- Interactive map of Nyamyumba Hot Springs
- Location: Nyamyumba Sector, Rubavu District, Western Province, Rwanda
- Coordinates: 1°44′24″S 29°16′24″E﻿ / ﻿1.74004°S 29.273409°E
- Type: Hot spring

= Nyamyumba Hot Springs =

Hot springs on the shore of Lake Kivu, Rwanda

The Nyamyumba Hot Springs, known locally by the Kinyarwanda name Amashyuza, are natural hot springs located on the eastern shore of Lake Kivu in Nyamyumba Sector, Rubavu District, Western Province, Rwanda. Situated approximately 7 kilometres from the town of Gisenyi (also known as Rubavu), the springs consist of two pools locally named "male" and "female." They lie within the western branch of the East African Rift System, near the Virunga volcanic complex, which accounts for their geothermal heating mechanism.
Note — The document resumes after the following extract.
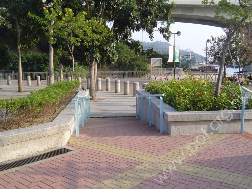 連接往來觀海徑與海濱花園行人路的出入口進入後空間,與花園內較高平台行人路高低位置,斜道寬闊,斜度較高,頂底兩端無觸覺警告帶,兩邊設有欄杆形扶手固定在踏板上,兩邊欄杆旁是花槽矮壆無牆壁.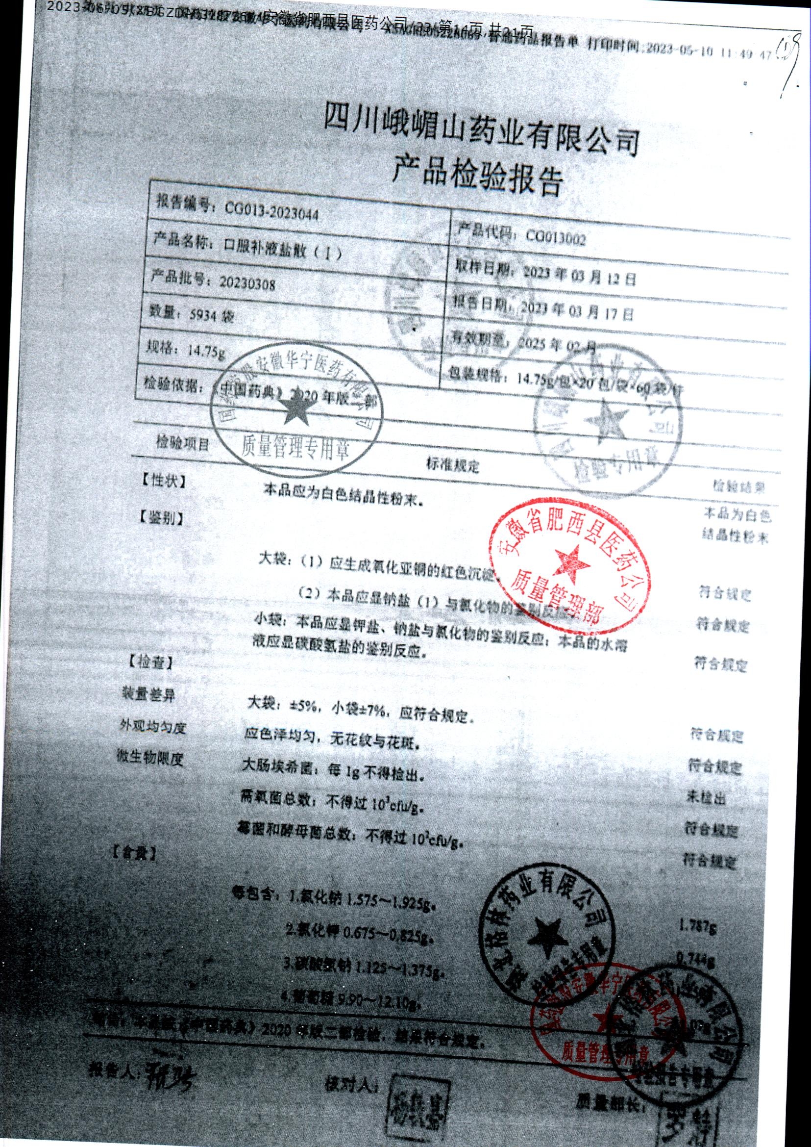 口服补液盐散 | 20包 | 20230308 | 查看详情 |

Tourism and therapeutic bathing activities have developed around the springs, which are visited by both local residents and international tourists.

== Description ==
Located 7 km from the town of Gisenyi, in western Rwanda on the shores of Lake Kivu, the Nyamyumba Hot Springs consist of small natural pools of hot, and sometimes boiling, water. The waters are reputed to have healing properties. The thermal springs are known locally as Amashyuza and are situated on the eastern shore of Lake Kivu. The springs are divided into two pools, locally named "male" and "female," a naming convention that originates with local people based on the areas traditionally reserved for men and women respectively.

== Geology ==
The Nyamyumba Hot Springs are located in the western branch of the East African Rift System, near the Virunga volcanic complex, which explains the rising and heating mechanism of the spring water. Geochemical analysis by Hategekimana et al. (2022) found that the spring water is of the Na-HCO₃ type, with higher concentrations of dissolved minerals than the adjacent Lake Kivu water, consistent with the dissolution of host rocks by hot water circulating through the rift system. The measured parameters have been compared against World Health Organization (WHO) standards for recreational waters. The study also noted the potential of the springs as a source of geothermal energy, and discussed possible mixing of the original hot waters with cooler near-surface waters.

== Tourism ==
An economic and tourist activity has developed around these hot springs on the shores of Lake Kivu. The open-air thermal baths provide opportunities for socialising with the inhabitants of Gisenyi, the nearby town to the north, which borders Goma in the Democratic Republic of the Congo. Next to the large fish market to the south of Gisenyi, economic operators and masseurs offer their services to locals and particularly to tourists visiting Lake Kivu. The latter arrive during stopovers on boats travelling across Lake Kivu.